CONFLUENCE

A video installation for six monitors and six video sources.

Confluence applies a complex editing score to images and sounds gathered by a video camera moving through crowded places. Among these scenes are a market in Cairo, a carnival in St. Louis, commuters in Tokyo, and a funeral in Varanasi. The unique edit-form of Confluence weaves these streams of movement together like notes in a musical score. Events are broken loose from their normal flow and are organized into autonomous clusters. The result is a transformation of the recorded world and its projection into a new temporal matrix. The tunnel of time becomes porous; crisscrossed by passageways and escape routes.

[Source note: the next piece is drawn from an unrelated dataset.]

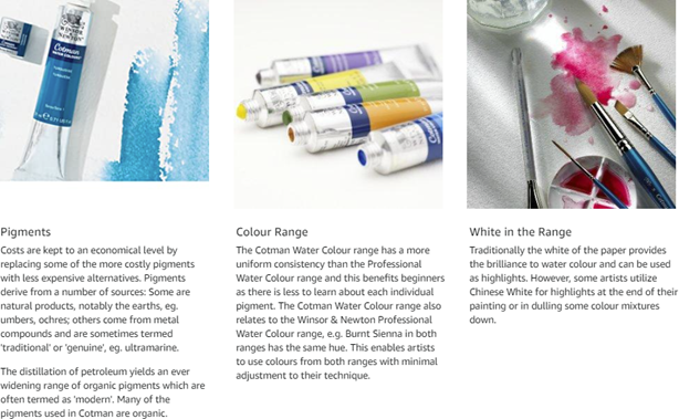 • Winsor & Newton Cotman Water Colours are a range of water colours that are made to our high quality standards but costs are kept to an economical level by replacing some of the more costly pigments with less expensive alternatives.

Winner of the Director’s Choice Award at the 19th Annual Black Maria Film and Video Festival.

14:00 minutes, stereo. 1999

Confluence is also designed as an installation of 5 monitors/sources, arranged in an irregular grouping. Different parts of Confluence play on each monitor, constantly overlapping and interacting in different ways. This activates the space of the gallery and creates yet another level of temporal clustering.

Direction, production and primary postproduction by Van McElwee on all works.

These animations describe a set of monitor installations that were shown variously in the US and Europe in the 1990’s and 2000. Venues include: The Kitchen in New York, Gallery Trabant in Vienna, Argos Gallery in Brussels, Art Amsterdam, Art Brussels, Scope London, Art Frankfurt, The International short Film Festival in Lille, France, KunstZurich, Switzerland, the Contemporary Art Museum St. Louis, and St. Louis University Museum of Art.